Exercise aim: Copy the listing exactly; drop the pictures.

----- Dataset excerpt

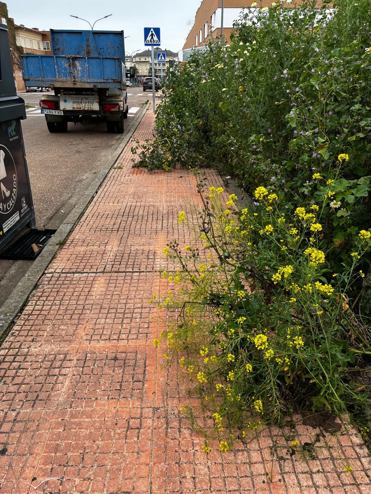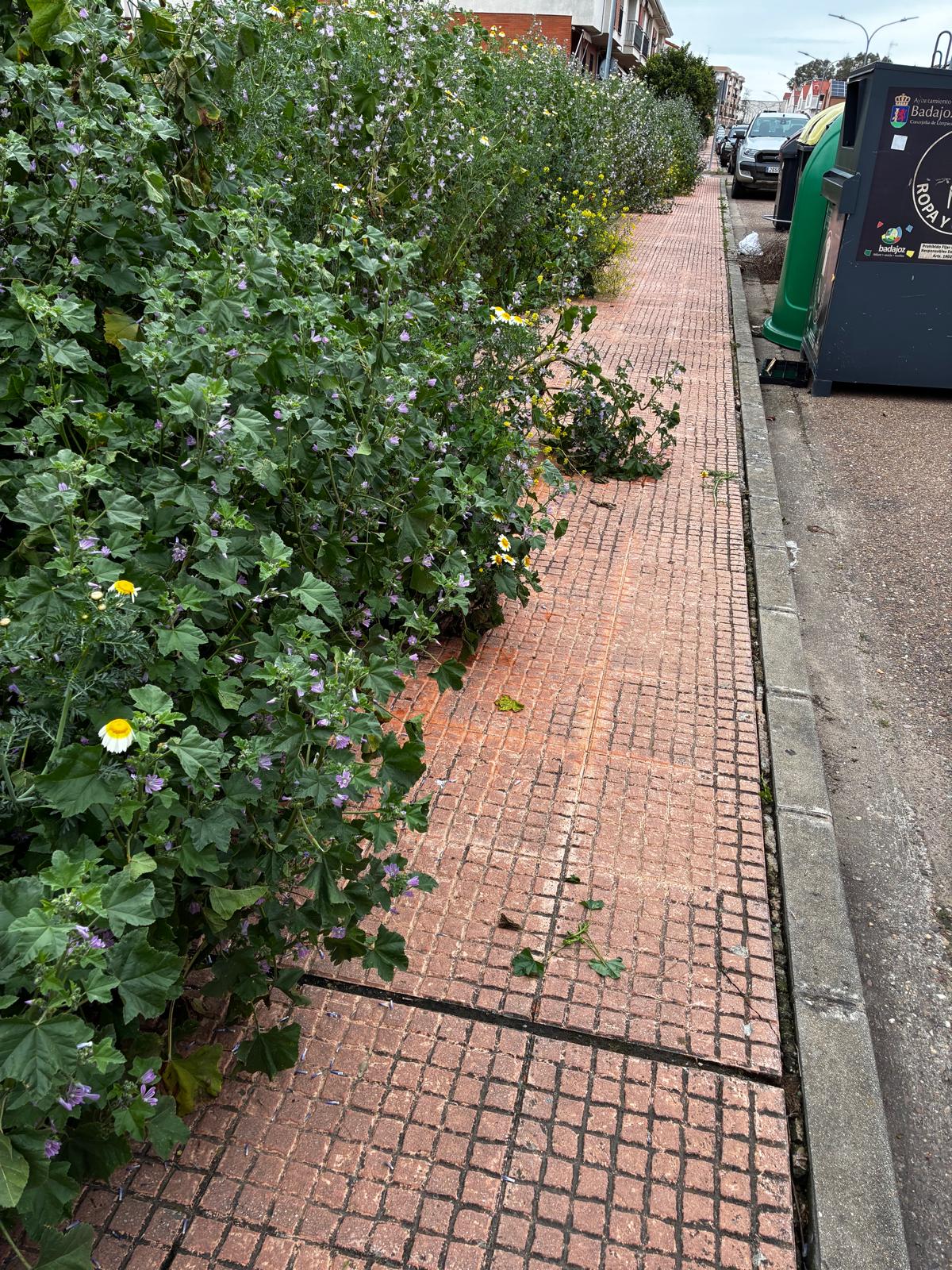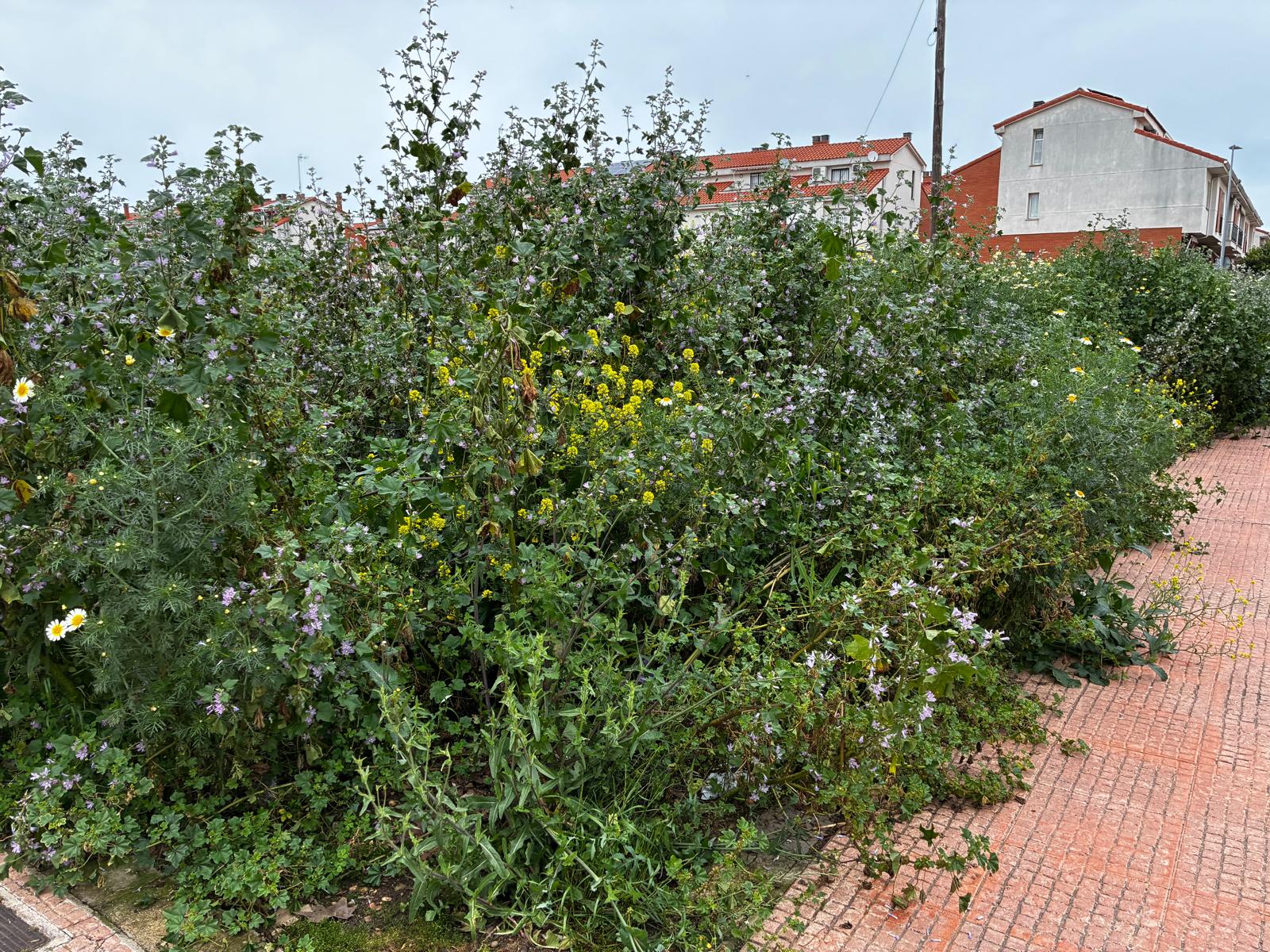 La vegetación invade el acerado impidiendo pasar por ella. Como viene siendo habitual todos los años este solar es una selva.
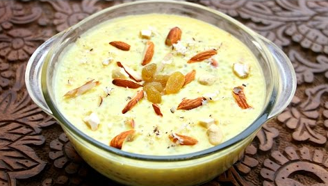 Kheer is a traditional and popular Indian dessert, made with milk, rice and sugar. From up north to down south, from the east to the west, kheer is known by different names throughout the country and is a quintessential dish in an Indian wedding menu. There are different types of kheer, this recipe gives you the one for the most common and traditional kheer made in Indian households for ceremonies and as offerings during various pujas. Milk is boiled to a creamy consistency to which rice and coconut are added. The flavour is enhanced by saffron strands and cardamom. The rice and coconut cooked in the milk gives the kheer it’s distinct texture and taste. Those with a sweet-tooth can add more sugar, and the calorie-conscious ones can add lesser. Enjoy this Indian rice pudding after garnishing with almonds and pistachios. It is really versatile too – it can be served hot, warm or cold!!
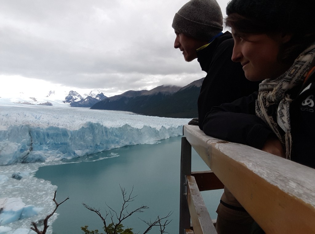 Évidemment on ne pouvait pas passer à côté de la visite du glacier le lendemain. Un bus nous dépose dans le parc national, au départ du sentier des passerelles qui longent la côte du Lago Argentino face au glacier (plus de 5km de passerelles !). Après avoir marché quelques minutes et avoir observé quelques blocs de glace à la dérive, nous voilà en face de la masse imposante du Perito Moreno. Un mur de glace de 50 à 70 m de haut, d’un bleu intense, comme flottant sur le lac. On entend les craquements de la glace. Et tout d’un coup, un morceau qui se détache !
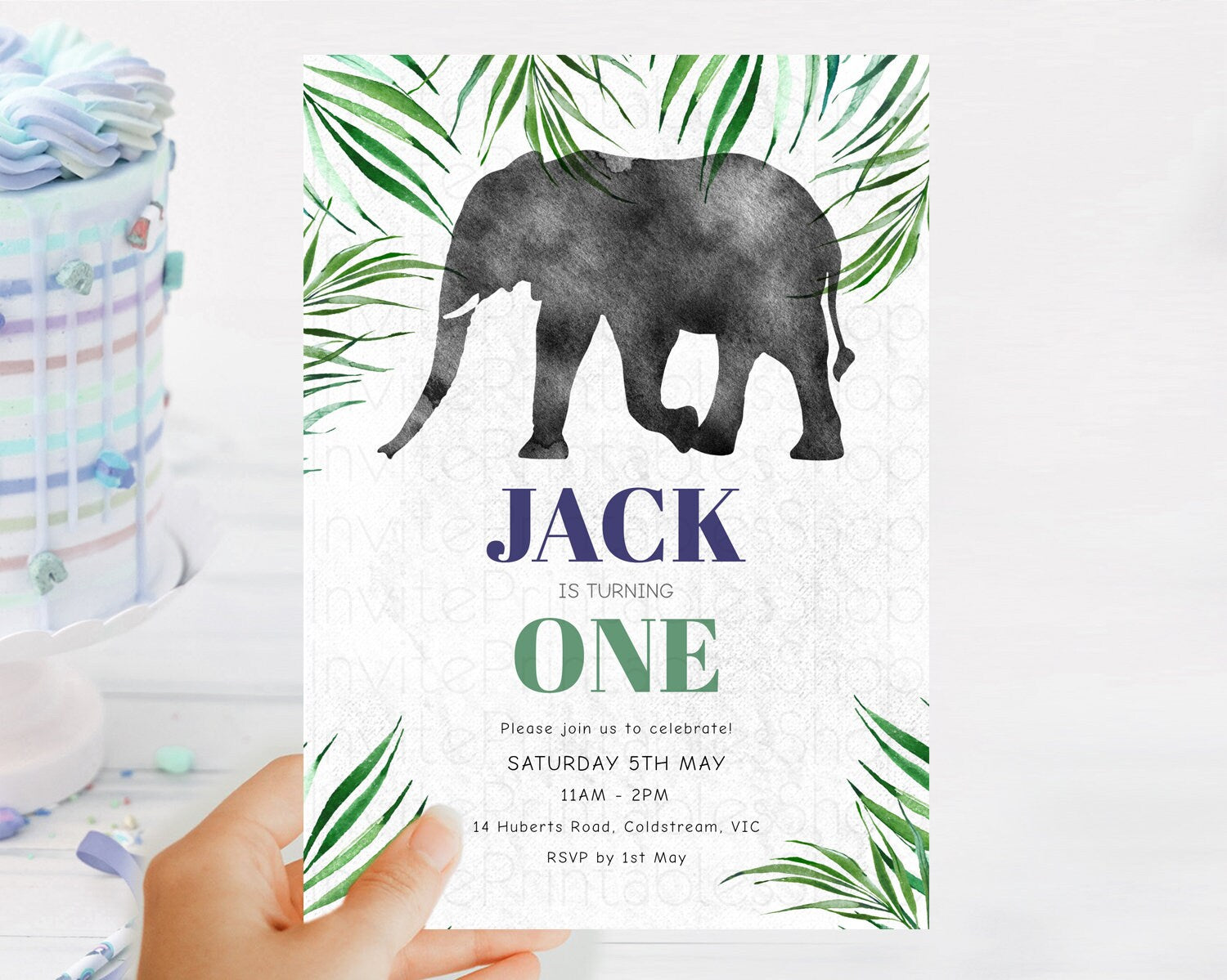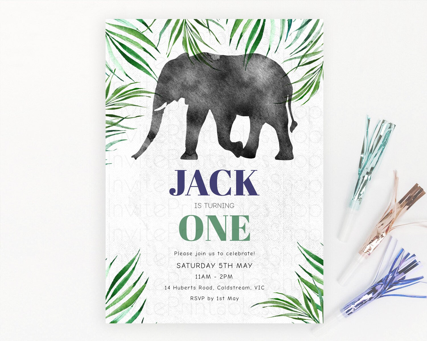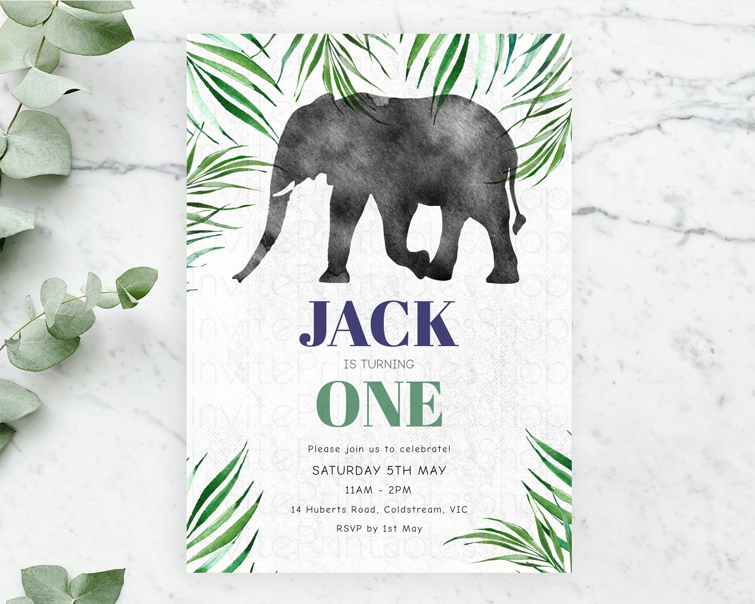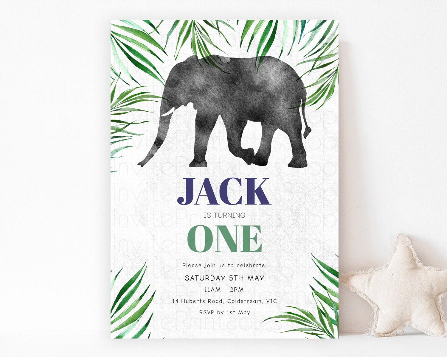 Elephant Birthday Invitation Elephant Invitation Elephant Birthday Safari Elephant Party TWO Wild ONE Jungle Adventure Zoo Birthday D10842

----------

Result of the task:
 La vegetación invade el acerado impidiendo pasar por ella. Como viene siendo habitual todos los años este solar es una selva.
 Kheer is a traditional and popular Indian dessert, made with milk, rice and sugar. From up north to down south, from the east to the west, kheer is known by different names throughout the country and is a quintessential dish in an Indian wedding menu. There are different types of kheer, this recipe gives you the one for the most common and traditional kheer made in Indian households for ceremonies and as offerings during various pujas. Milk is boiled to a creamy consistency to which rice and coconut are added. The flavour is enhanced by saffron strands and cardamom. The rice and coconut cooked in the milk gives the kheer it’s distinct texture and taste. Those with a sweet-tooth can add more sugar, and the calorie-conscious ones can add lesser. Enjoy this Indian rice pudding after garnishing with almonds and pistachios. It is really versatile too – it can be served hot, warm or cold!!
 Évidemment on ne pouvait pas passer à côté de la visite du glacier le lendemain. Un bus nous dépose dans le parc national, au départ du sentier des passerelles qui longent la côte du Lago Argentino face au glacier (plus de 5km de passerelles !). Après avoir marché quelques minutes et avoir observé quelques blocs de glace à la dérive, nous voilà en face de la masse imposante du Perito Moreno. Un mur de glace de 50 à 70 m de haut, d’un bleu intense, comme flottant sur le lac. On entend les craquements de la glace. Et tout d’un coup, un morceau qui se détache !
 Elephant Birthday Invitation Elephant Invitation Elephant Birthday Safari Elephant Party TWO Wild ONE Jungle Adventure Zoo Birthday D10842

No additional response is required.